Monoclonal antibodies (mAbs) are immunoglobulins designed to target a specific epitope on an antigen. The antigen-binding region of the mAb is formed by the variable domains of the heavy and light chains and contains the complementarity-determining region that imparts high specificity for the target antigen. The monoclonal antibodies (mAb or moAb) recognize only one epitope per antigen and are less likely than polyclonal antibodies to react against other proteins.
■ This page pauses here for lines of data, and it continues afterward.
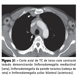 LinfonodomegaliaAumento de volume de linfonodo de qualquer etiologia, quando suas dimensões ultrapassam os limites considerados normais para a cadeia linfonodal em questão (Figura 31).(52,53) O termo "adenomegalia" não é um sinônimo recomendável, pois linfonodos não são estruturas glandulares verdadeiras. O termo "linfonodopatia" reserva-se para situações onde for possível identificar a doença linfonodal, como, por exemplo, quando se identifica necrose em seu interior.
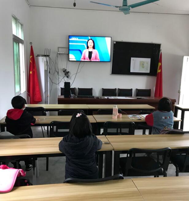 韶關武江區龍歸鎮後坪村網絡信號差,不適合手機、平板電腦線上學習。為讓後坪教學點20名孩子百分百參與線上教學,後坪小學經與村委幹部溝通後,決定利用後坪村綜合文化服務中心作為孩子們的「特殊課堂」,利用中心的網絡電視給孩子們開展線上教育。
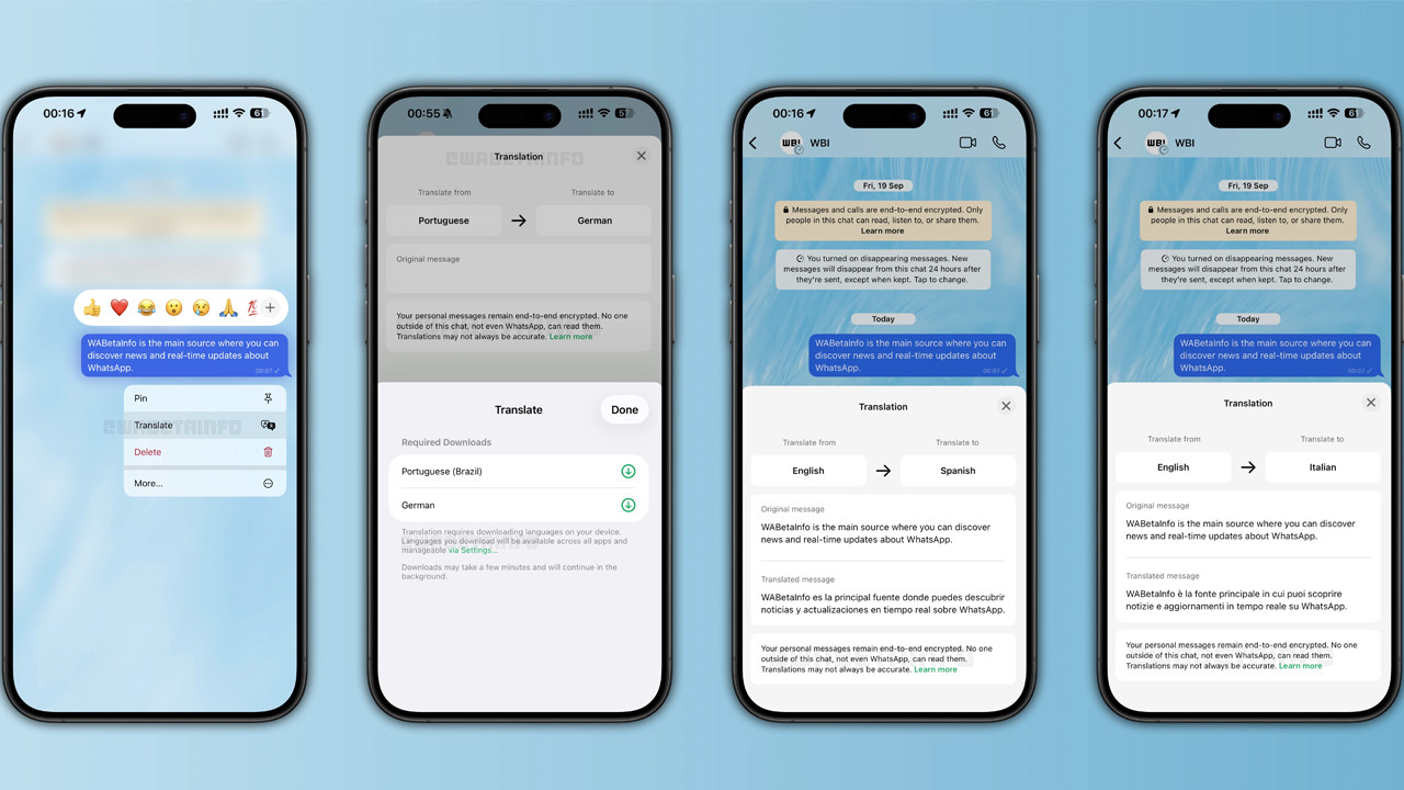 Bu arda WhatsApp bu işlevinde Meta'nın kendi çeviri motorunun aksine, Apple'ın API'sini kullanıyor. Hız perspektifli yeni çeviri, anlık orijinal mesajınızda yeni bir bölüm görüntüleniyor ve diyaloğun dağılımlarını takip etmeyi kolaylaştırıyor.
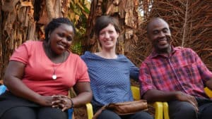 Jolanda Fritschi ist bei Solafrica Verantwortliche für das Programm Klima-Karawane. Im Februar 2017 besuchte sie zwei Gesundheitszentren in Kamerun, in denen SolarChills in Betrieb sind, zusammen mit den Projektmitarbeitenden vor Ort Aline Kana und Serge Moassoumbe (links und rechts im Bild).
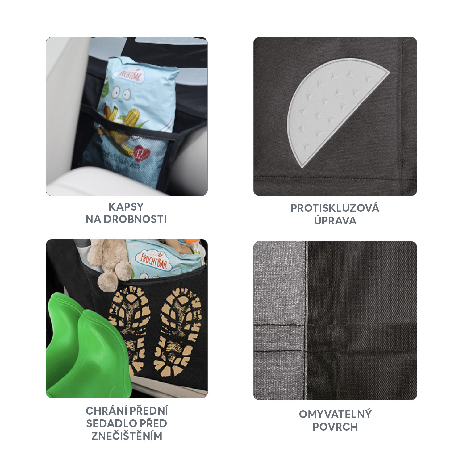 | Dlouhý popis | <h2>Bezpečné a pohodlné cestování</h2> <p><br> STOP klouzání: Už žádné starosti s klouzáním dětských autosedaček! Protiskluzový povrch s texturou zajišťuje, že autosedačka zůstane pevně na svém místě. Záložka na zadní straně poskytuje dodatečnou stabilitu, takže vaše dítě cestuje bezpečně.</p> <h2>Univerzální kompatibilita</h2> <p><br> Nastavitelné bezpečnostní popruhy jsou jako stvořené pro každou opěrku hlavy sedadla. Instalace je rychlá a snadná, a díky univerzální kompatibilitě se tento chránič hodí do většiny automobilů.</p> <h2>3 způsoby použití</h2> <p><br> Flexibilita, kterou ocení každá rodina! Tento chránič autosedačky lze rozdělit na dvě části – jednu můžete použít jako ochranu proti kopání a druhou jako spodní chránič zadního sedadla. Spojením obou částí získáte vysoký chránič, který zajistí maximální ochranu vašich zadních sedadel.</p> <h2>Plná ochrana</h2> <p><br> Váš vůz si zaslouží jen to nejlepší. Náš chránič autosedačky je vyroben z vysoce kvalitního materiálu, který je navržen pro celoživotní použití. Extrémně silný a odolný materiál chrání čalounění vašeho vozu před opotřebením a poškrábáním, zatímco snadno omyvatelný povrch zajišťuje jednoduchou údržbu.</p> <p>Sedadla vaše auta budou s naším chráničem sedadel stále vypadat jako nové, a vy si užijete každý rodinný výlet s vědomím, že vaše děti i sedadla jsou v bezpečí.</p> <p>• Protiskluzový povrch pro bezpečné uchycení <br> • Univerzální kompatibilita s většinou automobilů <br> • Tři různé způsoby použití pro maximální flexibilitu <br> • Vysoce kvalitní a odolný materiál <br> • Snadno omyvatelný pro jednoduchou údržbu <br></p> |

Monoclonal antibodies can be used to identify specific antigens. Due to their essential functions in various areas, monoclonal antibodies have become popular molecules.
The first monoclonal antibody was generated in mice in 1975 by Milstein and Kohler using the hybridoma technique.
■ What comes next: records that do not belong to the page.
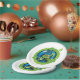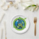 A green frog over a globe of the earth as an environmental design. This design looks really effective on these Paper Plates
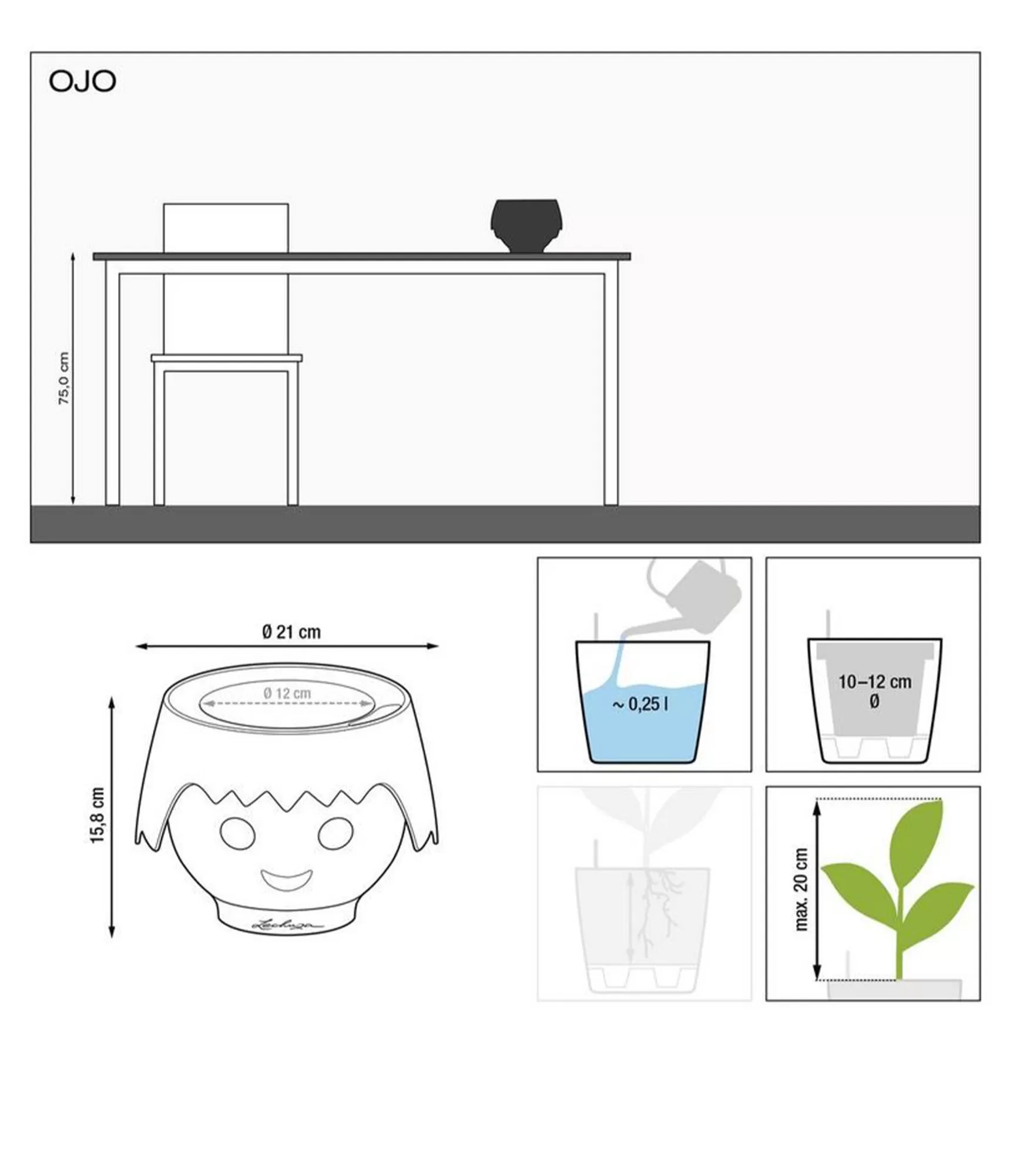 Dagties tipo strypelio drėkinimo sistemos dėka į šį sodinuką mažus augalus galima įdėti į vazoną tiesiog kartu su vazonėliu, kuriame jis buvo auginamas, taip išvengiant sudėtingų persodinimų! Įkištas į auginimo vazonėlio dugną, dagties tipo strypelis tolygiai tiekia drėgmę šaknims. Didelės, apvalios OJO akys primena „PLAYMOBIL“ žaislams būdingą išvaizdą. Jos parodo, kiek vandens liko rezervuare ir leidžia vaikams išmokti sekti jų augalų drėgmės lygį. Jei interaktyvios akys yra mėlynos, tai rodo, kad vandens rezervuaras yra pilnas.
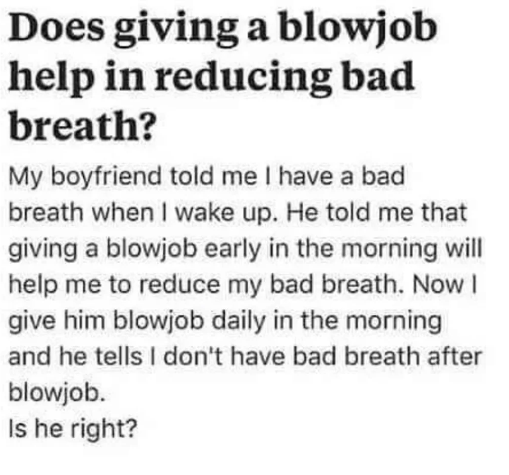 You can also get rid of complaints about bad breath by dumping the one who complains. Also frees up time in the morning that was otherwise occupied with sucking unwashed dick. win win
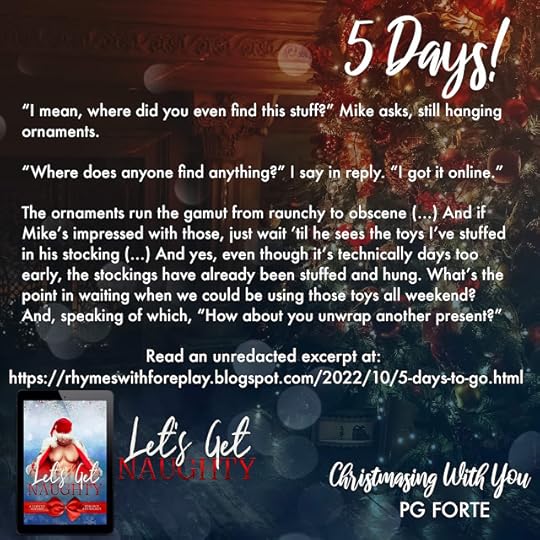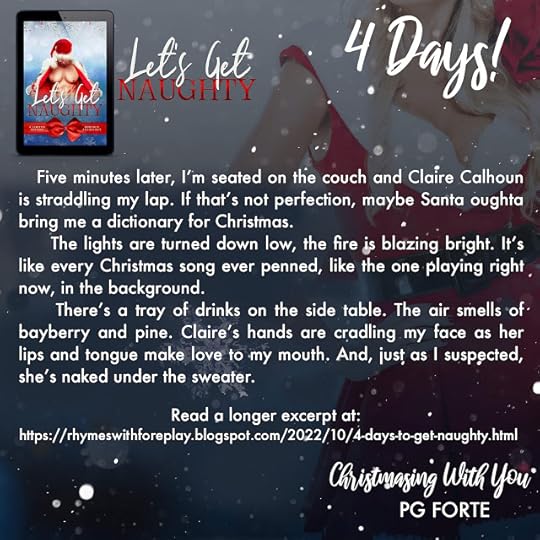 Whoo-hoo! Let's Get Naughty is getting ready to drop--only 4 more days! 36 steamy stories to spice up your holiday reading. Includes my contribution, Christmasing With You, which features Mike and Claire from Let Me Count the Ways.

The most popular approach for creating monoclonal antibodies is still hybridoma production. The hybridomas that produce monoclonal antibodies from the stable fusions to develop in vitro are chosen, sub-cloned, and formed. These clones are then cultivated, and either the cells themselves or the lysates from the cell culture are used to purify the antibodies they make. Each monoclonal antibody's specificity is determined by its binding site on the target protein.
Monoclonal antibodies (mAbs) production (Polyclonal and Monoclonal Antibody Production | Microbiology | | Course Hero)
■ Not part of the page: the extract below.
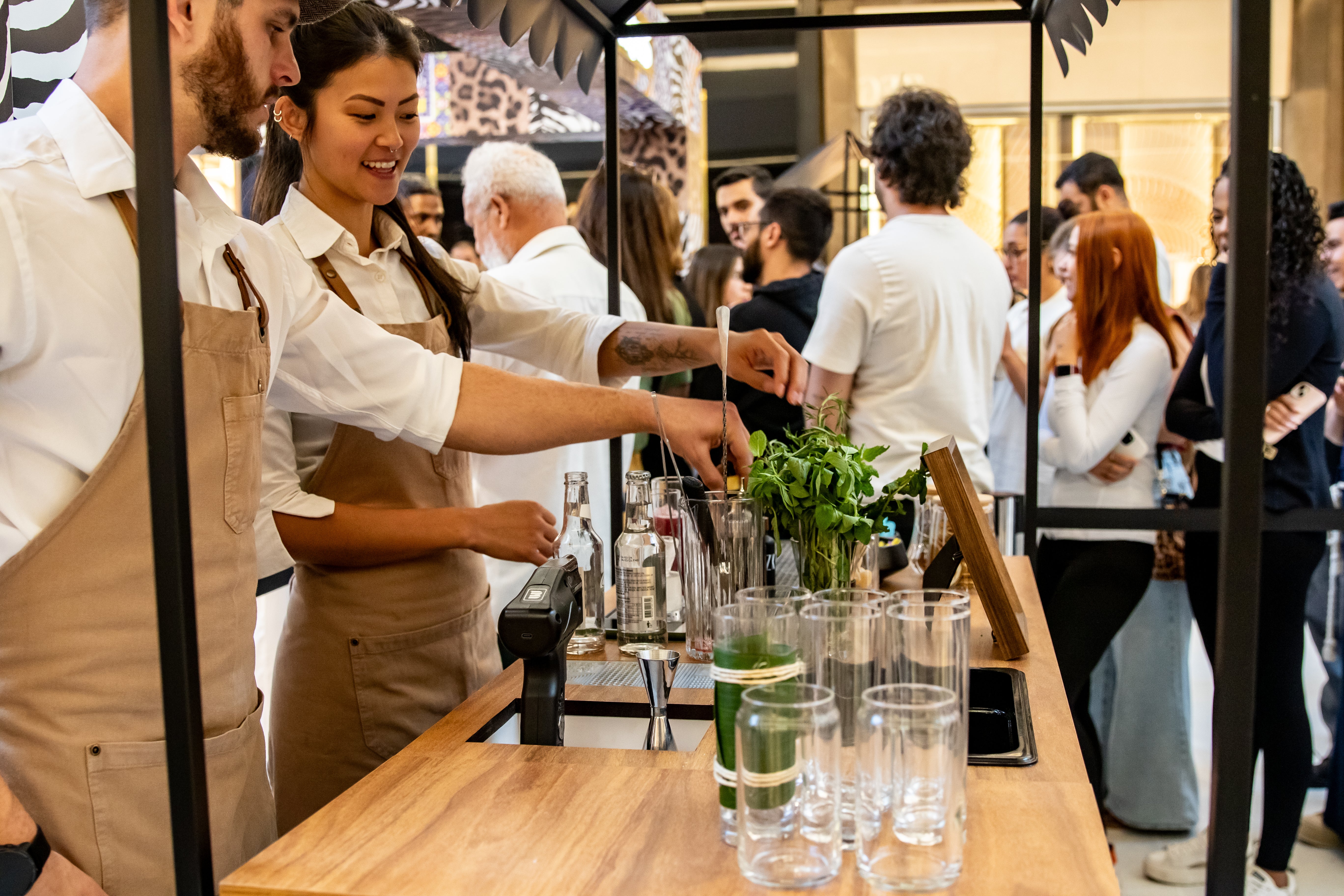 Aplicamos esse conceito em diferentes formatos: welcome drinks temáticos, carta de coquetéis exclusivos, estações interativas e múltiplas criações em bebidas não alcoólicas.

Alternative techniques for creating monoclonal antibodies have become available. The so-called "phage-display method" allowed for the specificity screening of recombinant antigen-binding antibodies from a library of fusions to a carrier phage protein. The constant region of recombinant antibodies may now be tailored due to significant advancements in their manufacture, leading to cell lines that can produce them. The benefit of this novel manufacturing approach is that it avoids the problems associated with a hybridoma's long-term stability, including the eventual loss of a priceless clone.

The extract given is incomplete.